3. The system of claim 1, wherein the complex data is selected from a group consisting of an address, a first name, a last name, an email address, a driver license number, a passport number, a social security number, a vehicle identification number, a healthcare member identification number, a claim number, an internet router number, a laptop service tag, a credit card information, and any combinations thereof.

4. The system of claim 1, further comprising an operational module configured to communicate with the data extraction module so that the operational module receives the textual data from the data extraction module, wherein the operational module is configured to communicate with the user device over the network based on the textual data.

5. The system of claim 4, wherein the operational module is a call routing module, the call routing module being configured to route the user to a particular responsible department and to provide communication between the particular responsible department and the user device over the network.

6. The system of claim 4, wherein the operational module is a security module, the security module being configured to use the textual data as security information when communicating with the user device over the network.

7. The system of claim 1, wherein the text message is a message selected from a group consisting of a short message service (SMS) message, a multimedia messaging service (MMS) message, an over the top (OTT) message, and a rich communication service (RCS) message.

8. The system of claim 1, wherein the image collection module further comprises a storage system, the image collection module being configured to store the image in the storage system.

9. The system of claim 1, wherein the image collection module and/or the data extraction module is configured to orientation and/or rotate the image prior to extracting the complex data.

10. The system of claim 1, wherein the image comprises multiple strings of data, the data extraction module being configured to parse the multiple strings of data into the textual data.

11. A method of operating an interactive voice response system, comprising:

receiving speech data of a user, from a user device over a network, in an interactive voice recognition module;

communicating, if the speech data comprises complex data, to the user device via text message over the network, the text message including a link that, when activated, opens a camera on the user device;

receiving an image having the complex data from the camera on the user device over the network; and

extracting the complex data from the image as textual data.

12. The method of claim 11, wherein the user remains in communication from the user device over the network during the receiving and extracting steps.
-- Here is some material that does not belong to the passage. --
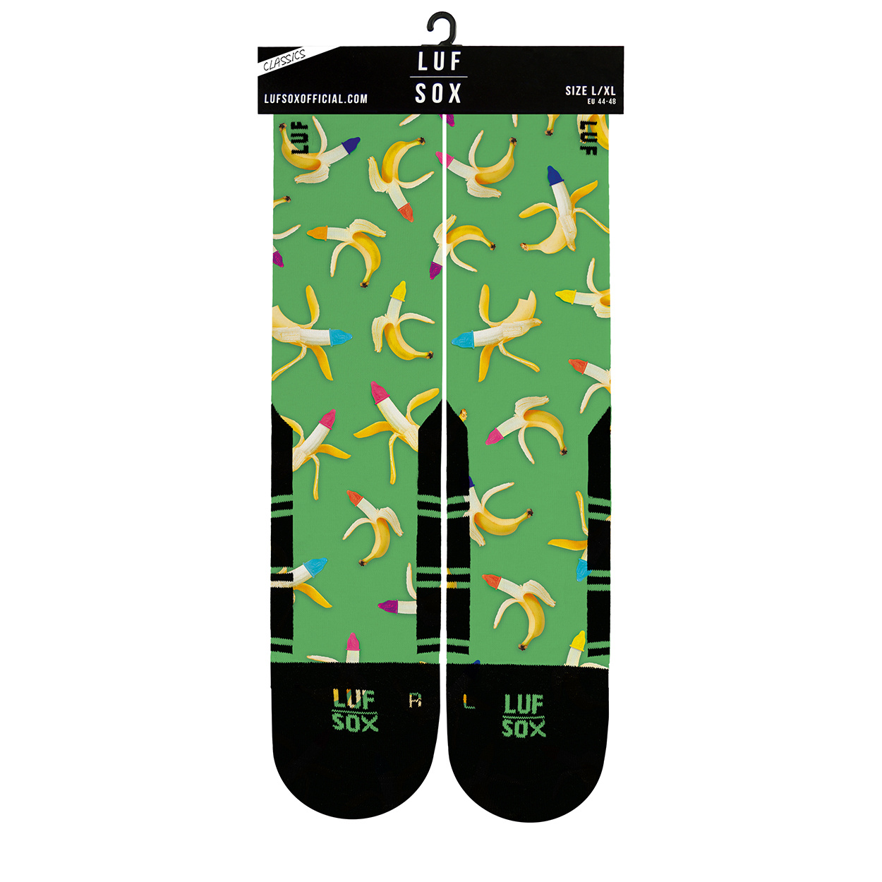 Safety first! Das Thema Verhütung sollte dir beim Bettsport nicht völlig Banane sein. Ist es dir im Eifer des Gefechts doch entfallen, erinnern dich die frechen LUF|SOX Classic Condana im letzten Moment noch daran. Auch wenn du die Socken dabei anbehältst.
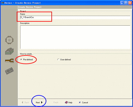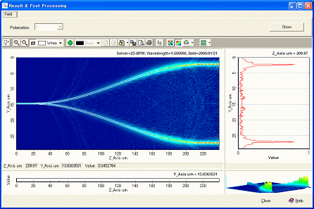 | ここでは、導波路の伝搬解析について記す。 伝搬解析をするデバイスとしてY分岐(正余弦型)を取り上げる。伝搬解析はAPSSのデバイスモジュールで行なう。そのためには、デバイスモジュールより下位の階層である導波路の解析(モード解析)が終了していなければならない。ここでは、先の導波路の項目でのFAQで用いたSOI導波路(導波路全体でも、対称性を利用した半分の解析でもどちらでも結構)を用いることとする。 よく使うデバイス構造に対しては「ユーザ マニュアル16章 あらかじめ定義されている構造」の中から選択すると簡単である。設計の制約からユーザ独自に「ユーザ定義」の形状も扱えるので柔軟にデバイス構造に対応できる。ここでは、簡単のために、あらかじめ定義されている構造を用いることとする。 APSSを起動し、ユーザ(とパスワード)を入れると、図1のウインドウが開く。 ![]() 図1.ウインドウが開いた初期状態 ここで、図2に示すように、File→New Project→Deviceを選択すると図3が開く。 ![]() 図2.デバイスプロジェクト作成の最初のステップ ![]() 図3.デバイスプロジェクト作成画面 図3では、プロジェクト名(赤四角)に名前を登録する。導波路ではわかり易くW_のように名前を付けたので、それに習って、ここではD_YBranchCosとした。その下のDescription欄にはこのプロジェクトについてのメモを残すことができる。APSSは日本語をサポートしていないのでアルファベットや数字を使用されたい。勿論、何も書かないで空白のままでも良い。ラジオ ボタンで選択可能なHow to createの箇所は、今回、「あらかじめ定義された構造」を使うので、Pre-defined (赤丸)を選択する。全ての選択が終わったら、Next(青丸)をクリックすると、ウイザードは、図4へ進む。 ![]() 図4.デバイスプロジェクトで使用する導波路構造選択画面 図4の画面では、デバイスプロジェクトで使用する導波路構造を選択する。図のようにマウスで選択すると、選択された導波路プロジェクトが黒くなる。そして、Next(赤丸)をクリックする。ウイザードは図5へと導く。 ![]() 図5.あらかじめ定義されたデバイスの選択画面 図5はあらかじめ定義されたデバイス構造の選択画面である。デバイスタイプ(赤四角)から、分類としてY-Junctionを選択する。すると、その右の画面にY分岐の絵が現れる。次にNext(青丸)をクリックすると図6が現れる。 ![]() 図6.さまざまなY-junction構造選択メニュー ラジオ ボタンで希望の構造を選択する。今回は、Cosine branch(余弦型)[赤丸]を選択した。全ての選択が終了すると、Next(青丸)クリックすると図7が開く。 ![]() 図7.ウイザード最終のデバイス エディタ画面 図7ではライブラリでシンボリック表現(変数などで定義されたもの)された構造に実際の寸法を与える過程である。変数の意味が良くわからないときには、Structure/Picture(赤丸)をクリックすると、図7のように変数定義画面となる。この赤丸はトグル スイッチとなっていて、図7でそのシンボルをクリックすると図8となる。図7または8で各変数の実際の寸法を与える。今回は分岐の長さL=200μm、2つの分岐間隔H2+H3=25μm (H2=H3)とした。これらの値は後で修正も可能である。定義が終わると、図7のFinish(青丸)をクリックしてウイザードを終了し、図9となる。 ![]() 図8.ライブラリの定義図に切り替えた状態 ![]() 図9.ウイザードが終了した段階の画面 図9でProportional View(青丸)をクリックすると縦横の縮尺を同一の表示となる。図9ではRun Simulation(赤丸)が有効になっているので、これをクリックする。図10のデバイス解析設定画面が開く。 ![]() 図10.デバイス解析設定画面 ここで解析しようとするSOI導波路はTEモード用に設計された構造であるので、図10では、Y偏波(赤丸)を選択する。その後、タブを”Solver Selection”(解法選択)[青丸]に切り替える。 ![]() 図11.解法設定画面 図11では端子特性としてSパラメータを求めるか、単にフィールドの計算を行なうかの選択が最初のOutput Selectionとして求められる。この例では、フィールド計算を行なうことにする。反射領域が定義されていれば右のチェックボックスにチェックを入れる。このとき、定義されている反射領域はFDTD法で計算される。即ち、BPMとFDTD法をミックスしてデバイス解析を行なうことになる。Solver Dimensionは2次元解析か3次元解析かの選択を行なう。導波路断面の定義などが正常でないとき(例えば、導波路で定義した導波路幅とデバイス解析で用いる導波路幅の定義が異なるときなど)では3次元解析ボタンが有効にはならなく、2次元解析のみが許される。Dynamic Showingにチェックをいれると計算途中のフィールドを表示する。計算機資産は少し無駄遣いとなるが、長い計算では計算の進捗をモニターすることができ、ユーザにとっては安心となる。図10の画面選択が終わると、”Advanced Setting”(赤丸)を選択する。 ![]() 図12.BPMソルバーのパラメータ設定画面 図12はBPM解析のときのパラメータ設定画面である。 Algorithm Parametersとして、Scheme Factorはおおよそ0.5、解

13. The method of claim 11, wherein the complex data is selected from a group consisting of an address, a first name, a last name, an email address, a driver license number, a passport number, a social security number, a vehicle identification number, a healthcare member identification number, a claim number, an internet router number, a laptop service tag, a credit card information, and any combinations thereof.

14. The method of claim 11, further comprising communicating with the user device via the network based on the textual data.

15. The method of claim 11, further comprising routing the user to a particular responsible department and to provide communication between the particular responsible department and the user device via the network based on the textual data.

16. The method of claim 11, further comprising using the textual data as security information when communicating with the user device via the network.

17. The method of claim 11, wherein the text message is a message selected from a group consisting of a short message service (SMS) message, a multimedia messaging service (MMS) message, an over the top (OTT) message, and a rich communication service (RCS) message.

18. The method of claim 11, further comprising storing the image.

19. The method of claim 11, further comprising orienting and/or rotating the image prior to extracting the complex data.

20. The method of claim 11, wherein the image comprises multiple strings of data, the method further comprising parsing the multiple strings of data into the textual format.